Conclusion: Quinine contributes to weight control in male C57BL6 mice without affecting food intake. A partial contribution of Trpm5 to quinine dependent body weight control is suggested.

Figures

Figure 1
Figure 1
Body weight, fat and lean mass of WT mice on control diet, diet + 0.1% quinine, or diet + 0.01% quinine, showing lower body weight and fat mass gains with 0.1% quinine but not with 0.01% quinine, compared to regular diet. * p < 0.05, **p < 0.01, ***p < 0.001.
Figure 2
Figure 2
Food intake of WT mice on AIN diet with or without quinine. A. Cumulative food intake of mice on control AIN diet, AIN diet + 0.1% quinine, or AIN diet + 0.01 % quinine, showing no difference between any of the groups. B. Daily real food intake and food waste of wild type mice consuming AIN diet, or AIN diet supplemented with 0.1% or 0.01% quinine. Real food intake was calculated by subtracting waste from measured food intake. There is no significant difference between groups with different diets. There is a trend for increased real food intake by animals fed quinine supplemented diets. C. Diet preference tests, comparing AIN diet and AIN diet supplemented with either 0.01% or 0.1% quinine, showing aversion for the quinine supplemented diets.
Figure 3
Figure 3
Blood glucose, plasma insulin, triglycerides (TG), and free fatty acids (FFA) from 0.1% quinine fed (quinine) and control diet fed (control) WT mice, and from Trpm5 KO mice fed a control diet (KO) for blood glucose. Blood glucose is more elevated in the control than in quinine or Trpm5 KO mice.
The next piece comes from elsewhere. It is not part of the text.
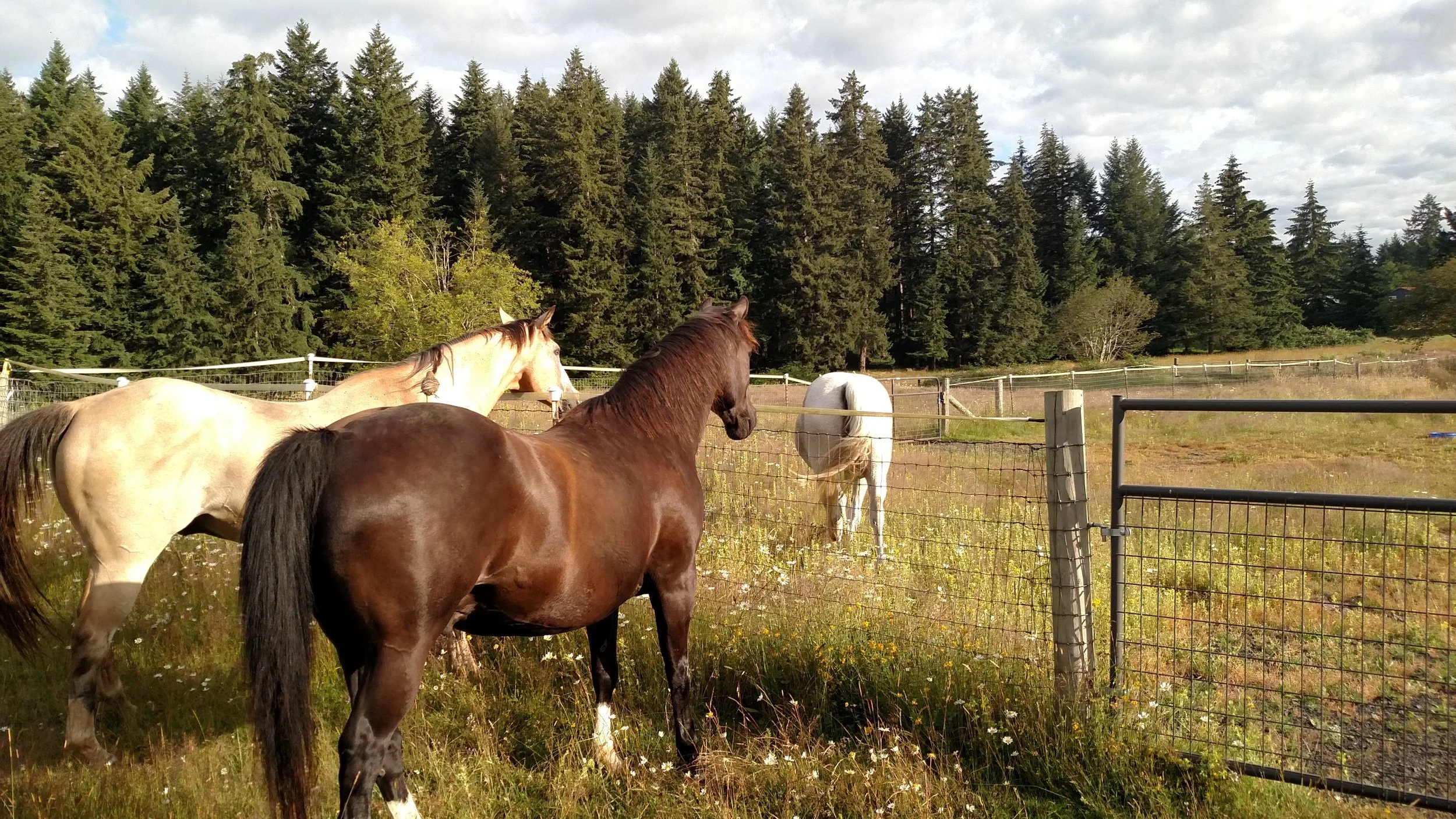 We currently have eight rescue horses, and two boarding horses, and each has their own special story. Sundance was a trail horse in Yellowstone National Park, but got to be too old to play that role. He was sent to the kill pen, and in the holding area for that place, he met Shadow. Shadow was a brood mare, kept in a small stall all the time and kept constantly pregnant. They were both rescued by another horse rescue organization, moved to a recovery facility for a year, at some point they were separated, and then later they were separately and on different schedules, sent to the Farm. They were delighted to once again recognize each other at the Farm, and now can be seen grazing together and running long distances together in the central-south pasture.

There is no difference in plasma insulin between control and quinine. TG, but not FFA are more elevated in control than in quinine. * p < 0.05, **p < 0.01, ***p < 0.001.
Figure 4
Figure 4
Body weight and fat mass of WT and Trpm5 knockout mice on control diet or diet + 0.1% quinine. The p values for the effects of diet, genotype and the interaction are shown below each graph. Body weight and fat mass gains are significantly diminished by quinine. Fat mass gain is significantly lower in Trpm5 KO mice. There is a trend for interaction diet*genotype for body weight, were the effect of quinine is larger in the WT than in the knockout background.
Figure 5
Figure 5
Faecal weight, and calorie, nitrogen and lipid contents of faeces from WT and Trpm5 KO mice consuming a regular diet or a 0.1% quinine supplemented diet. The p values for the effects of diet, genotype and the diet*genotype interaction are shown below each graph. FFA: free fatty acids, TG: triglycerides, CHL: cholesterol.
Figure 6
Figure 6
Body weight and body composition of obese wild type mice receiving control or 0.1% quinine supplemented high fat diet. Measures were taken at the beginning, 6 weeks and 11 weeks after the onset of the study. At 6 weeks after onset of the experiment, both lean and fat mass are lower in the quinine treated group, whereas at week 11 only lean mass is lower. * p < 0.05, **p < 0.01.
Figure 7
Figure 7
Activity and energy enpenditure. Twenty-four hour activity shown as mean events per 25 minute period, and energy expenditure of AIN-fed WT control, WT quinine and KO control mice show no difference between conditions. For energy expenditure, the dark period is represented by a grey box.
Figure 8
Figure 8
Inflamation markers. Plasma cytokine concentrations in individual WT mice fed a diet containing 0.1% quinine or a control diet showing elevated levels of cytokines in two control mice and one quinine fed mouse, but no difference in the levels of cytokines between diets.